Required work:
Quote the entries below from the line with "杨宝云小心翼翼地从手机中翻出" through the line with "zázemí (12 m2), 1x", both ends included, and only those lines.

Records for the task:
--*--
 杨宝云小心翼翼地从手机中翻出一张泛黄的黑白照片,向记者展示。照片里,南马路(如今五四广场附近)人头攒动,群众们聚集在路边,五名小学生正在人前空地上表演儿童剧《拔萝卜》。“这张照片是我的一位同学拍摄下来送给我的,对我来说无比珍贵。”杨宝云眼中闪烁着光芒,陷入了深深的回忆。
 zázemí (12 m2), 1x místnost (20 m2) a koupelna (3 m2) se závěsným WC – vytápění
--*--
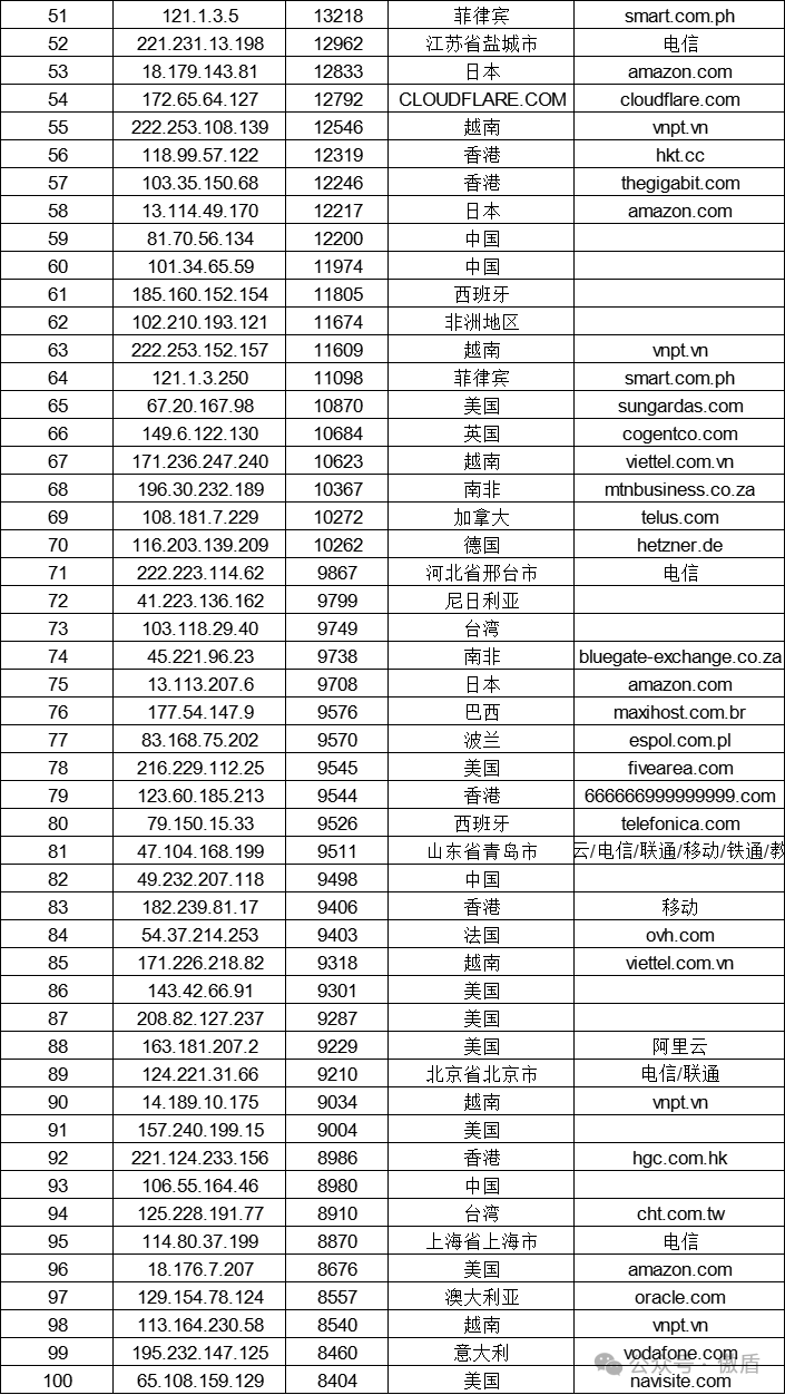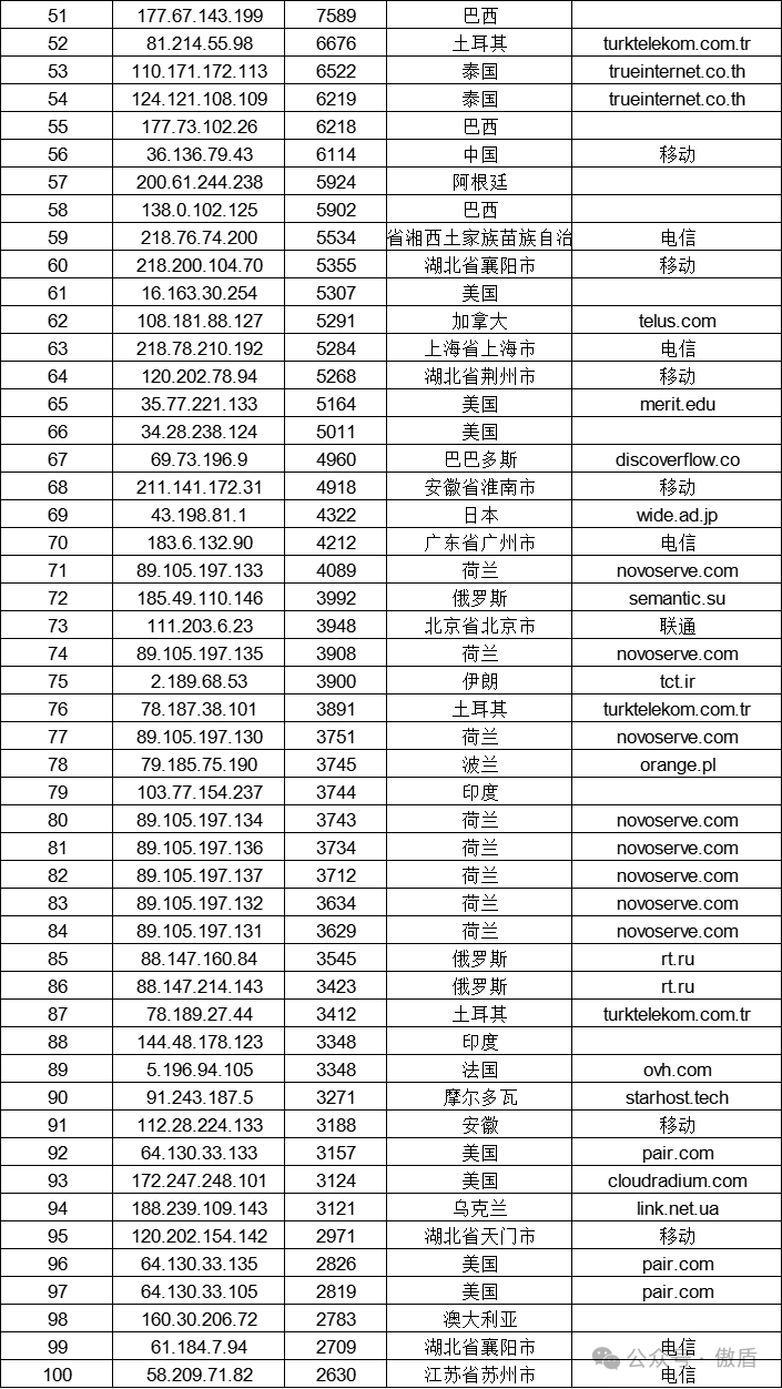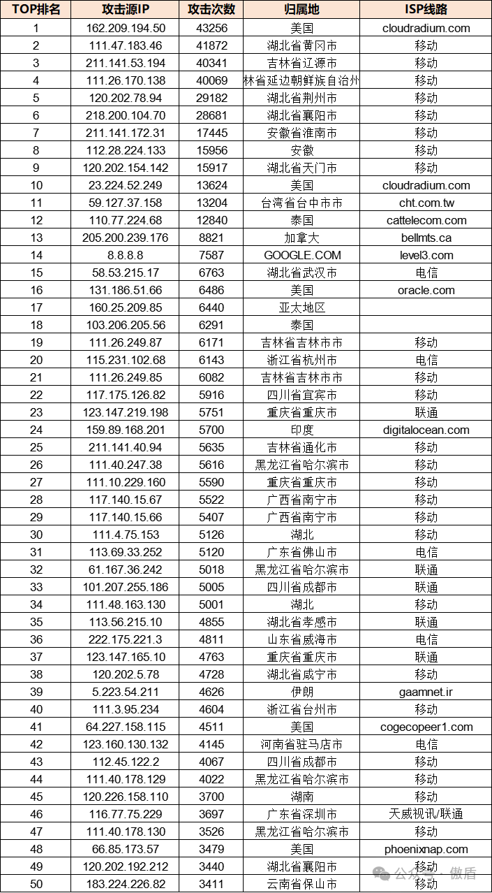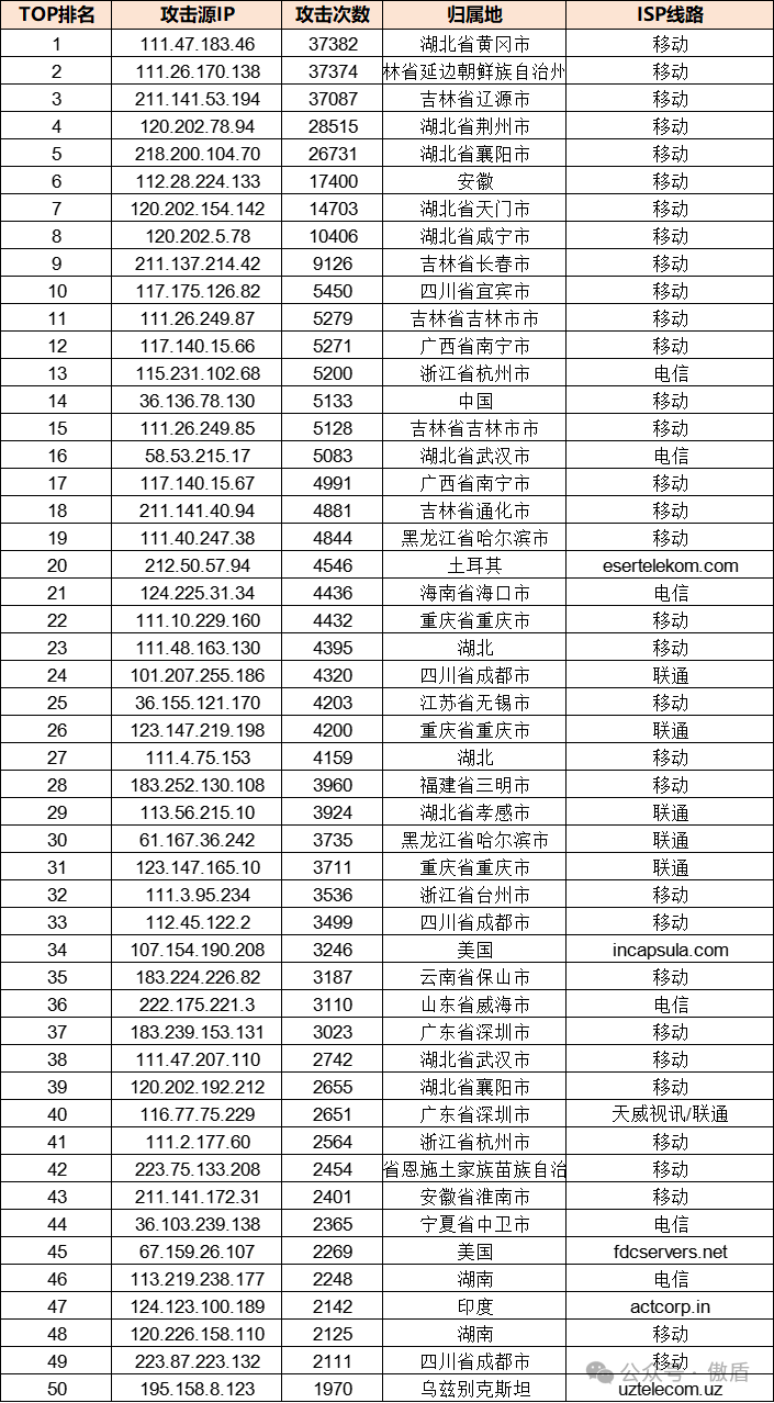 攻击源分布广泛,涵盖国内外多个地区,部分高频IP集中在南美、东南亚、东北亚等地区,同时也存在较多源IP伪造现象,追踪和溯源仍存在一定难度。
--*--
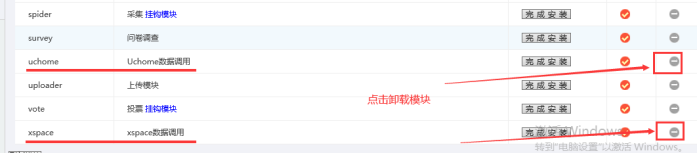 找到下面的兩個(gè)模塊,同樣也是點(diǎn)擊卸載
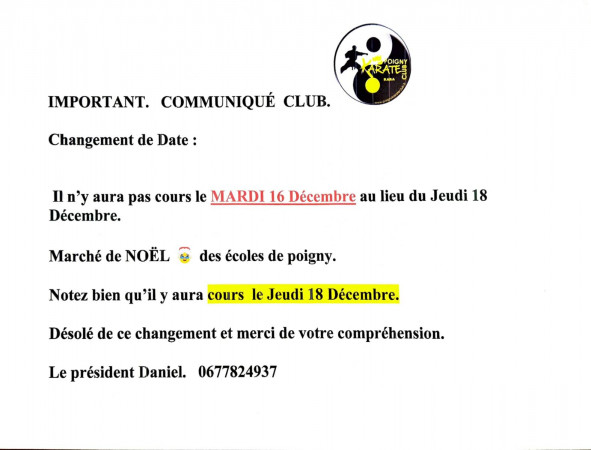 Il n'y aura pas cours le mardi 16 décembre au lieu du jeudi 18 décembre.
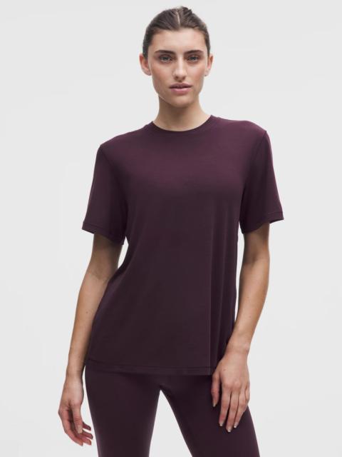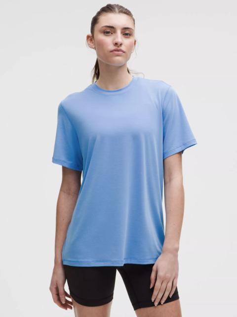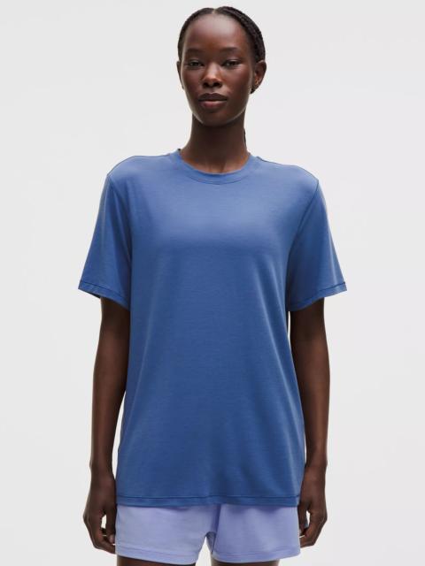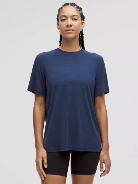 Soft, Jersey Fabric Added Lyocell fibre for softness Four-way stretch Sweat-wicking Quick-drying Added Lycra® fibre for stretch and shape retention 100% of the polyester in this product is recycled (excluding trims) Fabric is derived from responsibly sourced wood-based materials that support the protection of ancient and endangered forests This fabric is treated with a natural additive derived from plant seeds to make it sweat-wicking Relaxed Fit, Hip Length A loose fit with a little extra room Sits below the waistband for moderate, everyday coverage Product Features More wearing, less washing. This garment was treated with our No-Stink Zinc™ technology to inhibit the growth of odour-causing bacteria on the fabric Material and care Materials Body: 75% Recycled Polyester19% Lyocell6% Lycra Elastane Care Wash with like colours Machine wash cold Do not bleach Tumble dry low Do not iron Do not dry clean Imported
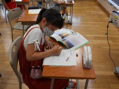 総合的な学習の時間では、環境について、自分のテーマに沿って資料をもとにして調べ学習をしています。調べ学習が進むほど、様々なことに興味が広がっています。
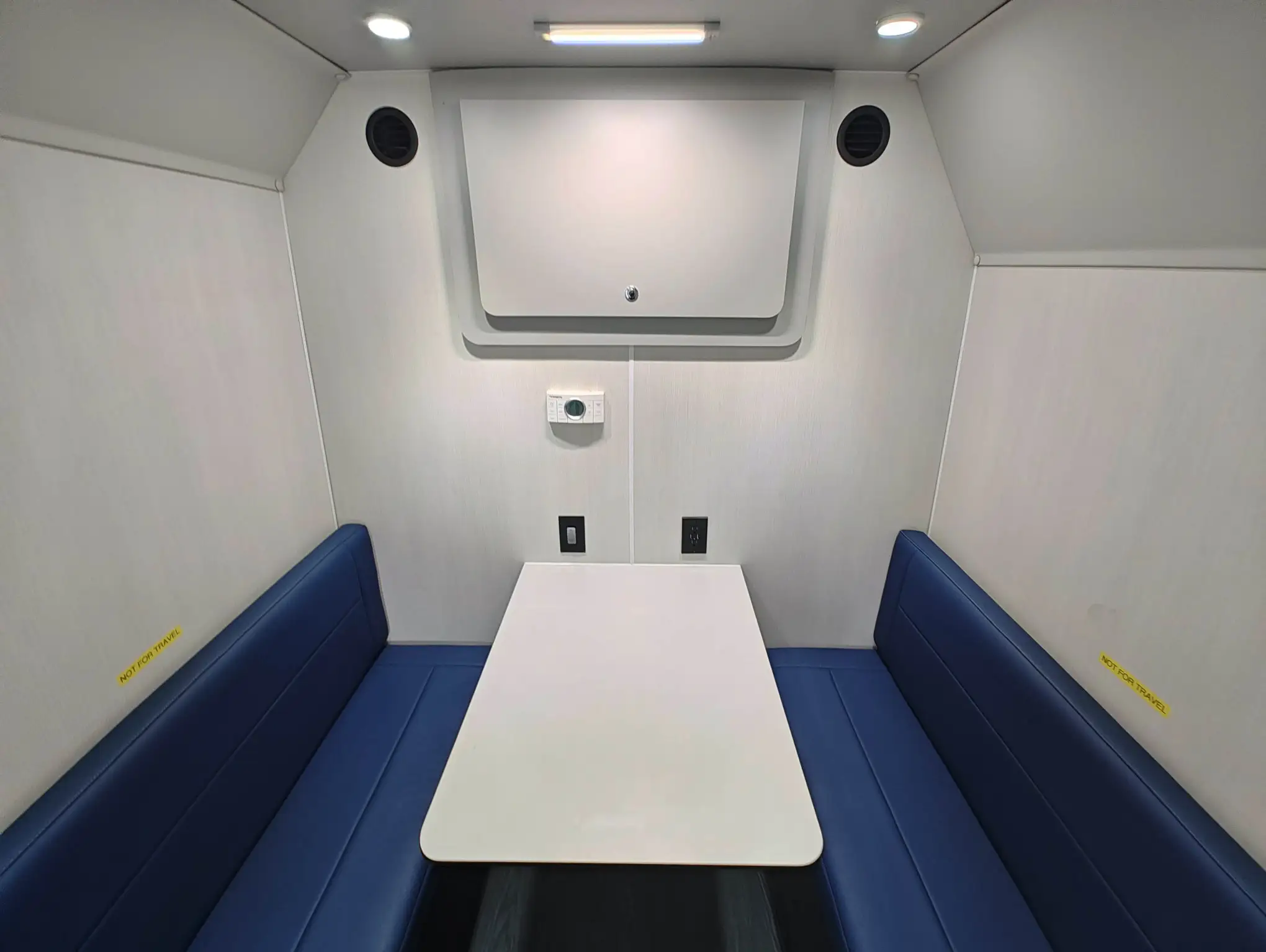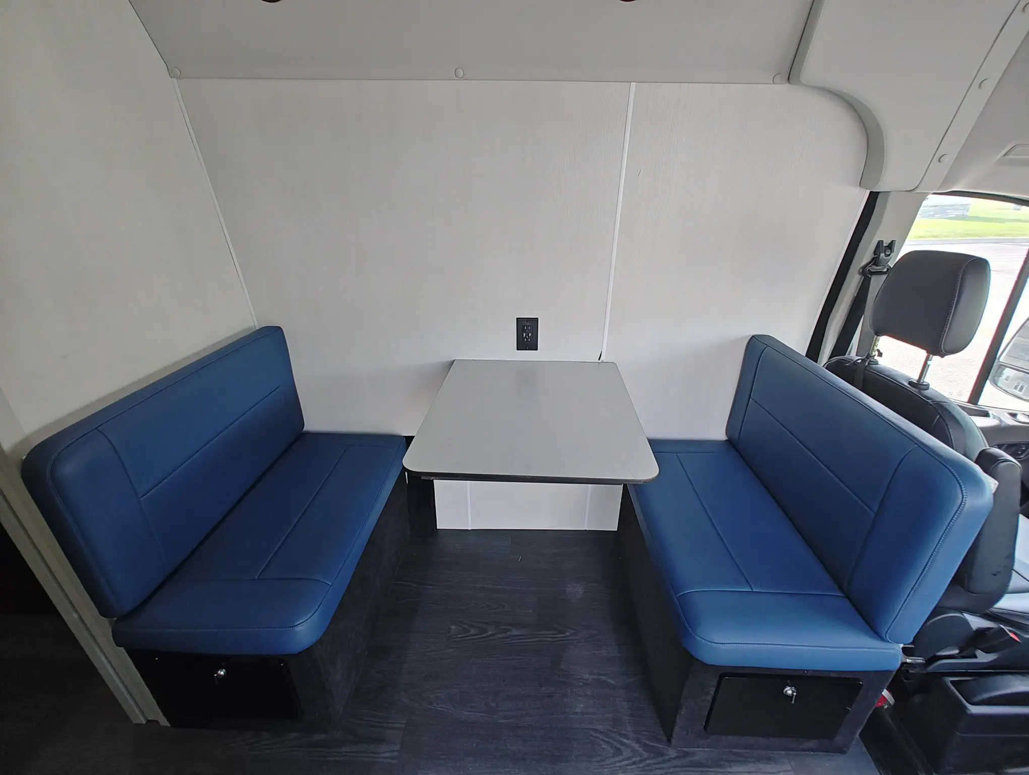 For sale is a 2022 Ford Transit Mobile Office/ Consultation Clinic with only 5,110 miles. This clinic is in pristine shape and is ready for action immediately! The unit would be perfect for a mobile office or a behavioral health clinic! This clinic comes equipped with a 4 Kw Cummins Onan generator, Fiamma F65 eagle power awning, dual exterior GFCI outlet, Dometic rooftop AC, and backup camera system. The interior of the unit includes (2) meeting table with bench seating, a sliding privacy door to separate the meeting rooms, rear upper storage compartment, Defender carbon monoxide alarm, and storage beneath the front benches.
--*--
Result for this exercise:
 杨宝云小心翼翼地从手机中翻出一张泛黄的黑白照片,向记者展示。照片里,南马路(如今五四广场附近)人头攒动,群众们聚集在路边,五名小学生正在人前空地上表演儿童剧《拔萝卜》。“这张照片是我的一位同学拍摄下来送给我的,对我来说无比珍贵。”杨宝云眼中闪烁着光芒,陷入了深深的回忆。
 zázemí (12 m2), 1x místnost (20 m2) a koupelna (3 m2) se závěsným WC – vytápění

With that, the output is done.